Sapna Kumari, Wenping Deng, Chathura Gunasekara, Vincent Chiang, Huann-sheng Chen, Hao Ma, Xin Davis, Hairong Wei

Abstract

Multilayered hierarchical gene regulatory networks (ML-hGRNs) are very important for understanding genetics regulation of biological pathways. However, there are currently no computational algorithms available for directly building ML-hGRNs that regulate biological pathways. A bottom-up graphic Gaussian model (GGM) algorithm was developed for constructing ML-hGRN operating above a biological pathway using small- to medium-sized microarray or RNA-seq data sets.

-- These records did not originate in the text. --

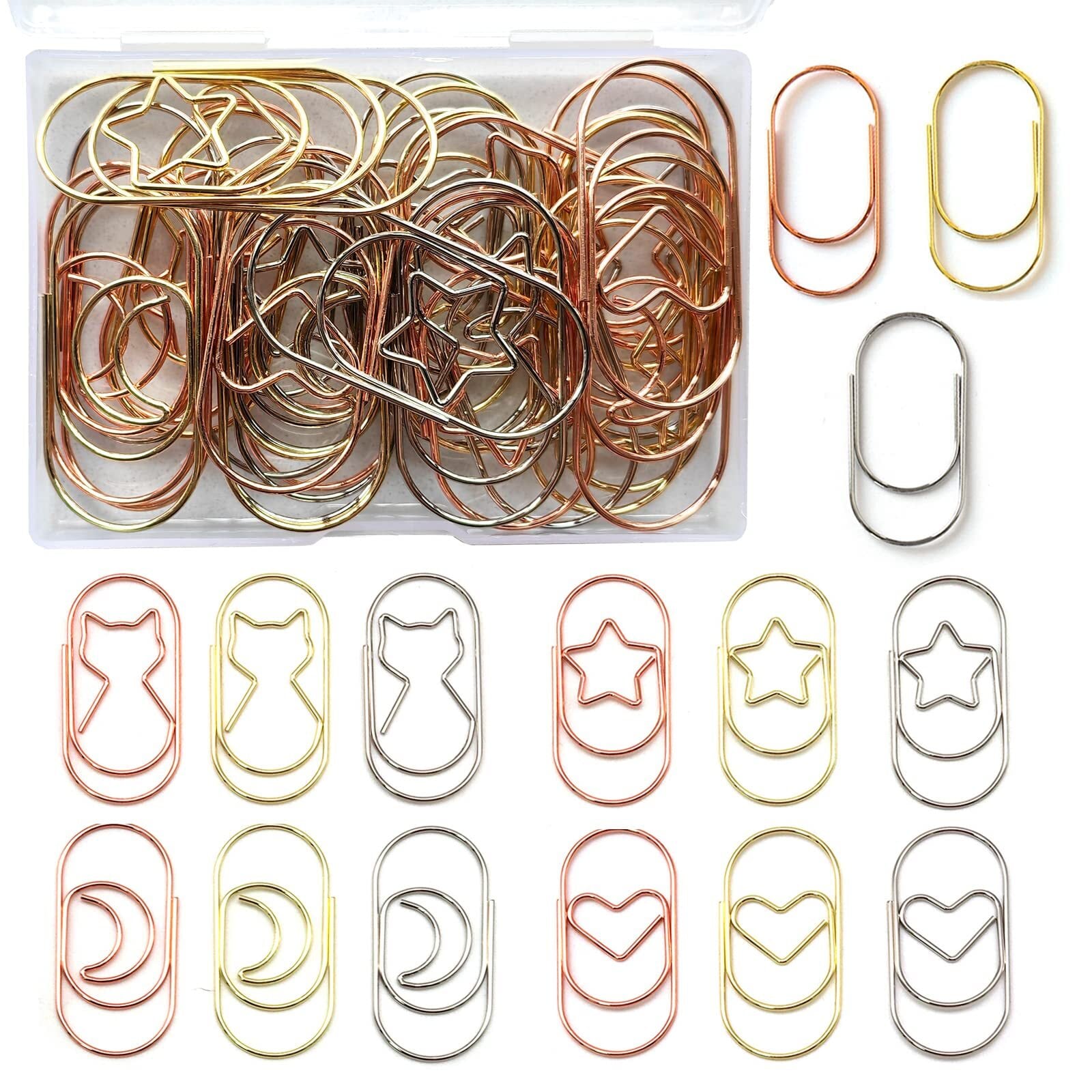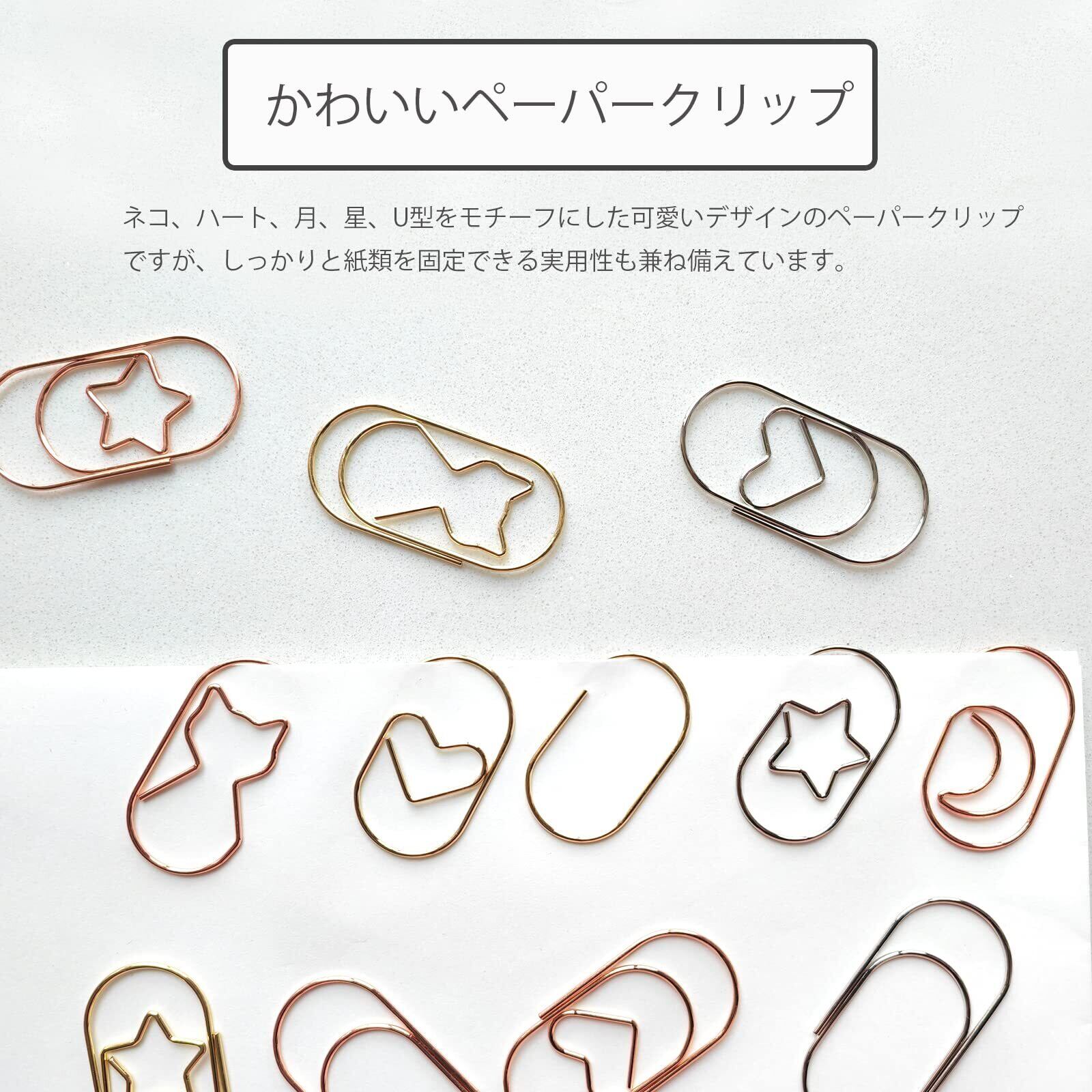 【製品仕様】●セット内容:ゼムクリップ30個入り(5種類3色各2個)、収納ケース付き;●5種類:猫、ハート、月、星、U型;●サイズ:約50*25mm、線径:約1.2mm;●重量:約2.1g/個、約1.6g/個(U型);●素材:炭素鋼線+電気メッキ;●色:ゴールド、ピンクゴールド、シルバー
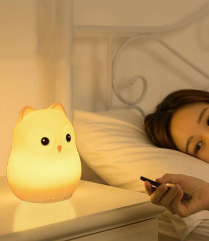 Enkel kontroll med "Myk ugle nattlampe med fjernkontroll"
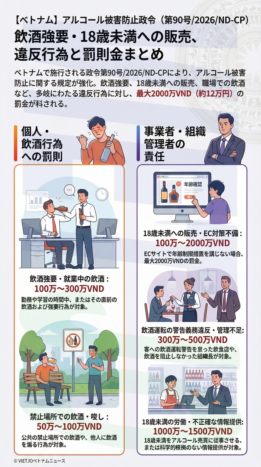 また、勤務・学習直前、勤務・学習時間中または休憩時間中に飲酒する行為、他人に飲酒を強要する行為に100万~300万VND(約6000~1万8000円)の罰金を定めている。
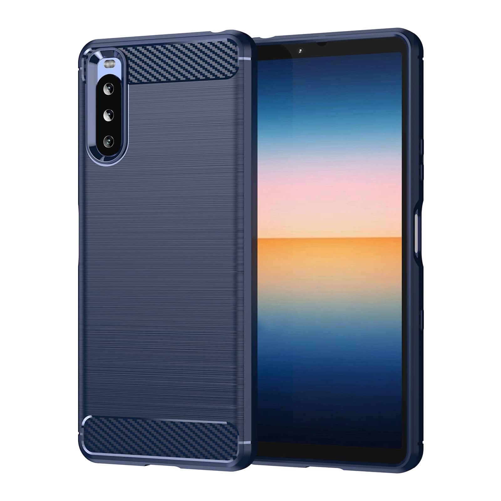 WangSiwe Sony Xperia10 iiiケースSO-52Bカバー SOG04対応炭素繊維TPU携帯ケース薄型ソフトケース指紋防止 衝撃吸収 スマホケース xperia10iii ソフト 弾力性があCase多機能保護カバー (ブルー, Xperia10-III)
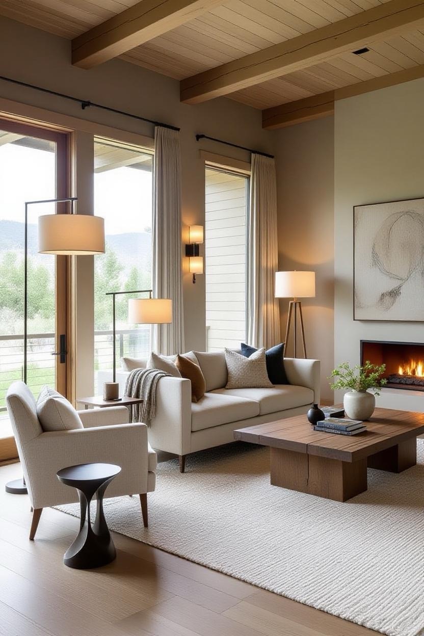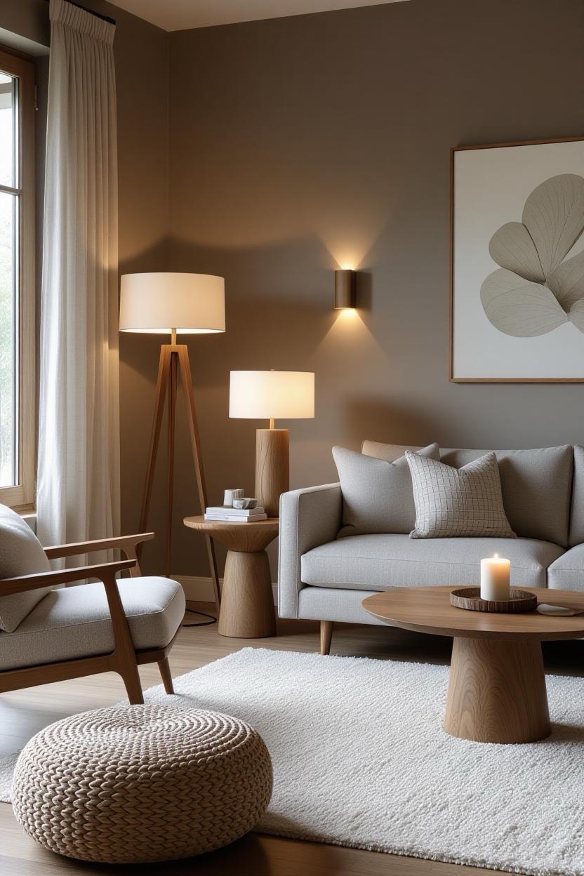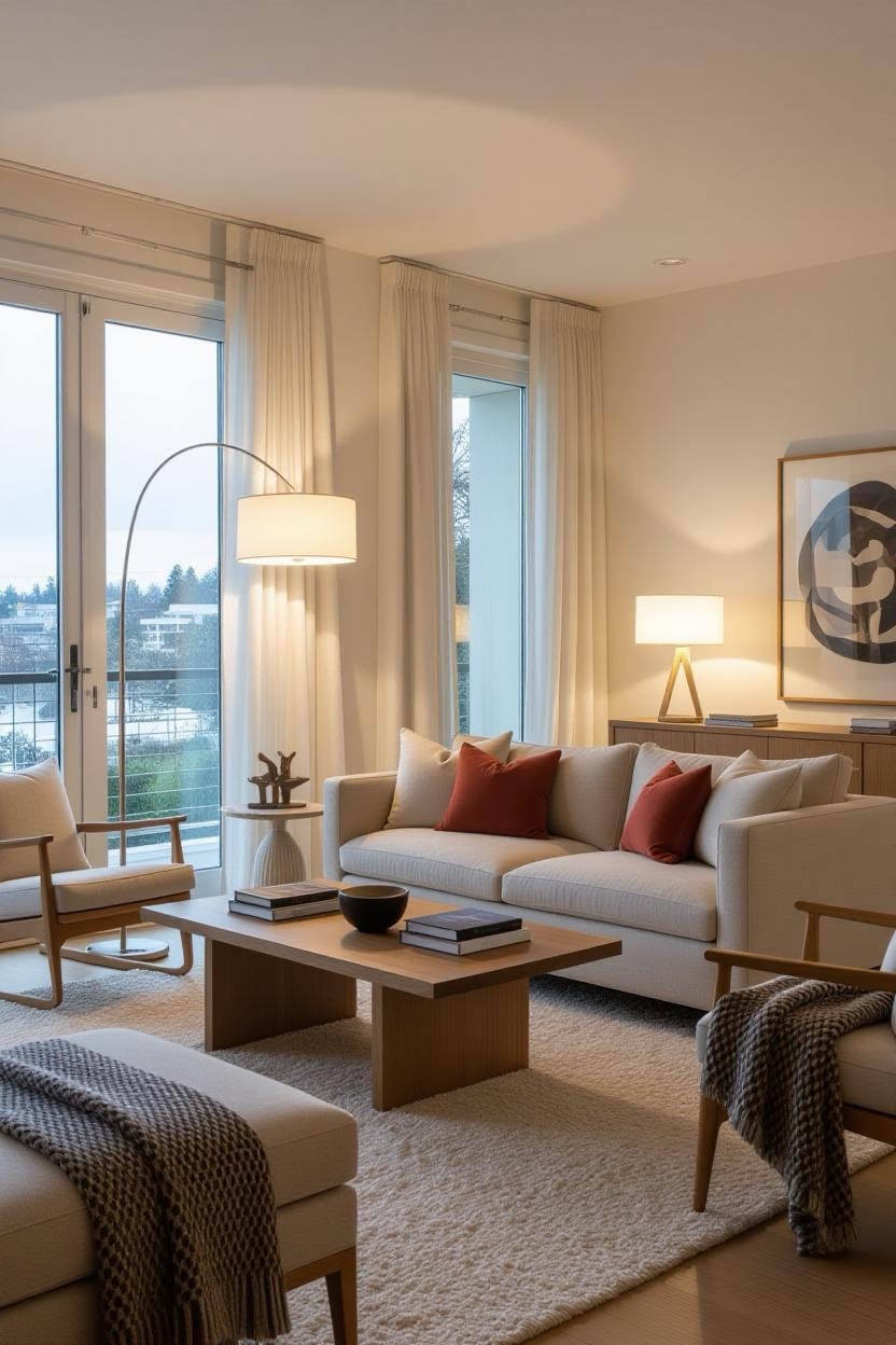 Use floor lamps, sconces, and table lamps to create cozy pools of light. Layering lighting prevents the room from feeling stark or overly modern.

The algorithm first placed genes of a pathway at the bottom layer and began to construct a ML-hGRN by evaluating all combined triple genes: two pathway genes and one regulatory gene. The algorithm retained all triple genes where a regulatory gene significantly interfered two paired pathway genes. The regulatory genes with highest interference frequency were kept as the second layer and the number kept is based on an optimization function. Thereafter, the algorithm was used recursively to build a ML-hGRN in layer-by-layer fashion until the defined number of layers was obtained or terminated automatically. We validated the algorithm and demonstrated its high efficiency in constructing ML-hGRNs governing biological pathways. The algorithm is instrumental for biologists to learn the hierarchical regulators associated with a given biological pathway from even small-sized microarray or RNA-seq data sets.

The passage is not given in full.